UNSERE
PHILOSOPHIE
Das
Leben ist nicht viel mehr als ein Tag und eine Nacht. Es reicht
schon, wenn man einen Tag menschenwürdig verlebt hat, und
die Nacht darauf auch. Alles andere ist bloße Wiederholung
dieses einen Tages und dieser einen Nacht, und ob es so hundert
Jahre oder sechzig oder auch nur vierzig dauert, im Wesen
bleibt es sich gleich.
Wir
sagen: Als der Himmel die Zeit erschuf, hat er davon genug
geschaffen. Das ist unsere Grundhaltung zum Leben. So meinen
wir, wir hätten unendlich viel Zeit. Aber ihr wollt glauben,
ihr hättet nicht genug davon. Kein Wunder, wenn die Leute
einem unsichtbaren Ziel von der Geburt bis zum Tod nachjagen.
Die ganze Lebenszeit ist verplant, verzettelt in Termine,
und man hat vom eigentlichen Leben so wenig. Wir dagegen leben
wenigstens für etwas Handfestes: für unsere Eltern, und die
sollen geliebt, geachtet und versorgt werden. Dann haben wir
unsere Berge, unsere Erde, unsere Gewässer, unseren Himmel,
unseren Altai. Und wenn wir diesen einigermaßen sauber und
ganz unseren Kindern weitergeben können, die Eltern immer
geachtet, erfreut und sie dann bestattet haben, dann ist ziemlich
alles getan. Das ist ein gutes Leben gewesen.
Und
was heißt Altai?
Das
kommt von ala, bunt, und dag, Berge.

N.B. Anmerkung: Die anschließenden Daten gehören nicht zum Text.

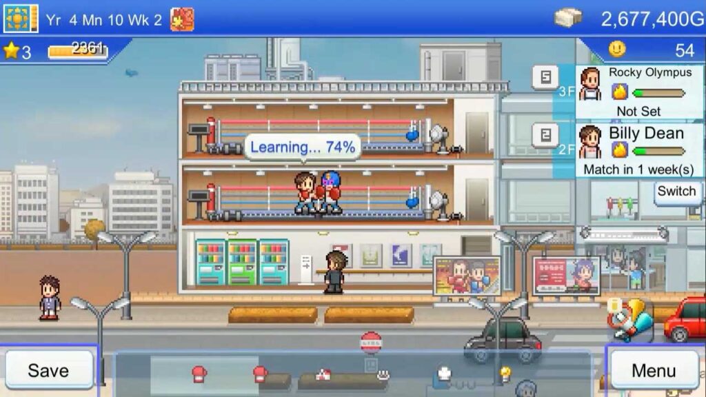 Permainan baharu daripada Kairosoft telah tiba, dan kali ini, kami membawakan anda “Boxing Gym Story”. Di gim tinju, anda terus membina gim anda dan, melalui kejohanan, menarik lebih ramai pemain yang bercita-cita tinggi, dengan itu merekrut mereka ke dalam pasukan, menemui lebih ramai pemain berbakat dan memperoleh lebih banyak ganjaran untuk gim. Berbanding dengan simulasi perniagaan lain, permainan ini lebih menumpukan pada pembangunan pemain daripada sekadar mengumpul makanan dan membunuh raksasa untuk mendapatkan wang. Pada masa yang sama, pelbagai jenis kejohanan turut diberi keutamaan. Memupuk pemain peringkat tinggi adalah matlamat utama permainan ini.

Bunte Berge also. Dies
aber auf tuwa. Im Kasachischen und Kirgisischen heißt es Alatau.
Der Altai ist eine der längsten Gebirgsketten überhaupt. Wir
haben kein Wort für Gott. Der Spruch, den wir tagtäglich voller
Inbrunst aussprechen, lautet: Ej baj Aldajm! Oh, mein reicher
Altai!
Zitiert
aus: Amélie Schenk/ Galsan Tschinag „Im Land der zornigen
Winde. Geschichte und Geschichten der Tuwa-Nomaden aus der
Mongolei", Frauenfeld 1997.
Der
Altai stellt ein Naturschutzreservat dar, ist Weltkulturerbe.
Und die Menschen, die dort streckenweise immer noch in urgesellschaftlichen
Verhältnissen leben, haben eine tief verwurzelte Achtung vor
der Schöpfung. Sie wissen die menschlichen Bedürfnisse mit
dem Wohl der großen Natur in Gleichklang zu halten.